+++ MATERIAL FOR THIS EXERCISE +++

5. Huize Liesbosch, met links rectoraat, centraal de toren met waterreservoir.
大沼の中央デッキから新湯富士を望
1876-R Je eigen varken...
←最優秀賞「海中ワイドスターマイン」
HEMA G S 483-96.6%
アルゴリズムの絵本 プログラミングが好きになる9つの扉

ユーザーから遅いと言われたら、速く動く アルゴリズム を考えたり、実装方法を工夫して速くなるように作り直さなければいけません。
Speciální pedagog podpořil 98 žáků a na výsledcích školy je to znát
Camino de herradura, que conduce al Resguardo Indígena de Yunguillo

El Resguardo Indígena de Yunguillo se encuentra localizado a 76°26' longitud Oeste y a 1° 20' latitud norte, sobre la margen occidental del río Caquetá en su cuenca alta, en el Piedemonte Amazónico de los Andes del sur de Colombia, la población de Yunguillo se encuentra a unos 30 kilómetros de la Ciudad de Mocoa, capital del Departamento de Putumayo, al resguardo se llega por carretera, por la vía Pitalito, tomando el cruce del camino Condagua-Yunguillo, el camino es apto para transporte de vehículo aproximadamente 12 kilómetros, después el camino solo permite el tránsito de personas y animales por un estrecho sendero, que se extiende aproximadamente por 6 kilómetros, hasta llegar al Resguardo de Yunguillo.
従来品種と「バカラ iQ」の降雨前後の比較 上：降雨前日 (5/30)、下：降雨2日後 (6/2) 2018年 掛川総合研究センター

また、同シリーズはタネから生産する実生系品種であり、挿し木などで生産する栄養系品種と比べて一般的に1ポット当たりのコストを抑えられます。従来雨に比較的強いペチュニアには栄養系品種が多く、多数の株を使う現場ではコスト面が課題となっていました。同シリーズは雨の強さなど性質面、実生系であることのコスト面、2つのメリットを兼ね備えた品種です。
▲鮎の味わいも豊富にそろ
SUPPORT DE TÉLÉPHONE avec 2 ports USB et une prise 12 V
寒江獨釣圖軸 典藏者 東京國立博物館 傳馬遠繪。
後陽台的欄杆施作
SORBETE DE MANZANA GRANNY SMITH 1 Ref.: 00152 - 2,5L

+++

WHAT TO DO =>
Begin with the line containing "また、同シリーズはタネから生" and retype it and each line after it through the end of the records, keeping them exact and including nothing more.

TASK OUTPUT =>
また、同シリーズはタネから生産する実生系品種であり、挿し木などで生産する栄養系品種と比べて一般的に1ポット当たりのコストを抑えられます。従来雨に比較的強いペチュニアには栄養系品種が多く、多数の株を使う現場ではコスト面が課題となっていました。同シリーズは雨の強さなど性質面、実生系であることのコスト面、2つのメリットを兼ね備えた品種です。
▲鮎の味わいも豊富にそろ
SUPPORT DE TÉLÉPHONE avec 2 ports USB et une prise 12 V
寒江獨釣圖軸 典藏者 東京國立博物館 傳馬遠繪。
後陽台的欄杆施作
SORBETE DE MANZANA GRANNY SMITH 1 Ref.: 00152 - 2,5L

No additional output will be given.